Hurricanes, earthquakes, tornadoes, and other NATURAL DISASTERS are just that. Natural!
We live on a geophysical earth. Many powerful forces are generated on this earth as a result.
These forces can and do hit every area of the globe, a world that God "so loves". John 3:16.
When they do and many are killed, the love of God becomes immediately manifested in the army of people who are there to HELP and serve in any way they can.
God simply LOVES sinners and gave His son for all of US. (Sinners).
His wrath is NEVER directed at those He loves. God is LOVE, not hate, retribution, or punishment.

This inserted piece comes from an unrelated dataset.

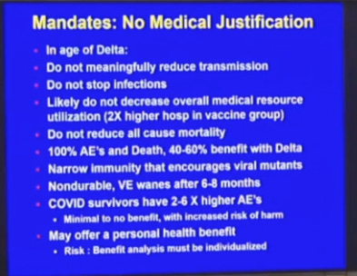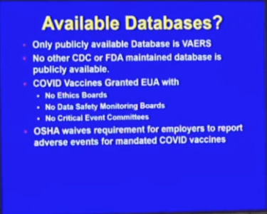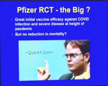 Diese drei Kontrollgruppen sind gerade für Notfallzulassungen üblich. Wir sind aus irgendeinem Grund absichtlich im Blindflug. OSHA (Occupational Safety and Health Administration = Behörde für Sicherheit und Gesundheit am Arbeitsplatz) hat gerade erklärt, dass sie die Pflicht zur Impfung aussetzen wird und hat alle Angestellten aufgefordert, unerwünschte Ereignisse der bisherigen COVID Impfungen zu melden. Als ethischer Arzt kann ich nichts auf dieser Folie rechtfertigen.

Keep the great articles coming.
Your friend and co-laborer,
Paul Kurts
Madison, Alabama
Thanks, Paul. Love your poem, man!!
Excellent article. People said the 1906 Earthquake was God's judgement as well. But someone came up with a retort:
If it is true God punished the town
For being overly frisky,
Then why did he burn all the churches down,
And save Hotaling's Whiskey?
Hotaling's Whiskey was A.P. Hotaling & Co., a whiskey producer. Their warehouse in the midst of SF was spared both the quake and the fire that followed.
http://www.anchorbrewing.com/about_us/oldpotrero_hotaling.htm
Likewise I can come up with a similar retort for New Orleans:
If it is true God punished the town
For being given over unto sodomy,
THen why did he flood all the churches out
And save the Quarter and the Marigny?
(The French Quarter and the Marigny are two neighborhoods heavily populated by gay men.)